Material for this exercise:

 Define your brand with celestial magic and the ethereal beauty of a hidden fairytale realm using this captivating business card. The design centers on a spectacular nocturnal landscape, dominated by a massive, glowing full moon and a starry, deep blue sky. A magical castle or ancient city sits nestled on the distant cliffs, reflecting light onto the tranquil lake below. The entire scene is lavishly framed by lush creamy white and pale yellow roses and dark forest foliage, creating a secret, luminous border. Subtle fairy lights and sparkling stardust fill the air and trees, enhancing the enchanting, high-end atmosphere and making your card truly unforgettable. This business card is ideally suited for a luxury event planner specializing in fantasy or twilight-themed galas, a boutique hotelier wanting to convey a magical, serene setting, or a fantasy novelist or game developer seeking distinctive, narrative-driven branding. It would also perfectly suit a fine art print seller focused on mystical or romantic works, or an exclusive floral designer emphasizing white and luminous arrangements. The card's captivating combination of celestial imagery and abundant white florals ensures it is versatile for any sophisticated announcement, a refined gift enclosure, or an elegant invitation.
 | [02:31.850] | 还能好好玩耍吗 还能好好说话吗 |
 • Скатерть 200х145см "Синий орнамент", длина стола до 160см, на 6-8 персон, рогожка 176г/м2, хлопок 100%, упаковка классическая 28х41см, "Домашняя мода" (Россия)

* * *

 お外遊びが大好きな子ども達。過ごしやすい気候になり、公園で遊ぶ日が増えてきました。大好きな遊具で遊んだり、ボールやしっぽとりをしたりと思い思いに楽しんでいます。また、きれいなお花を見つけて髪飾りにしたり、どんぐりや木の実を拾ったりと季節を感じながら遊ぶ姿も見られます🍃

Instructions to follow:
Could you restate word for word the lines above from the one containing "还能好好玩耍吗 还能好好说话吗 |" through the one containing "длина стола до", both included, and nothing else?

Answer below:
 | [02:31.850] | 还能好好玩耍吗 还能好好说话吗 |
 • Скатерть 200х145см "Синий орнамент", длина стола до 160см, на 6-8 персон, рогожка 176г/м2, хлопок 100%, упаковка классическая 28х41см, "Домашняя мода" (Россия)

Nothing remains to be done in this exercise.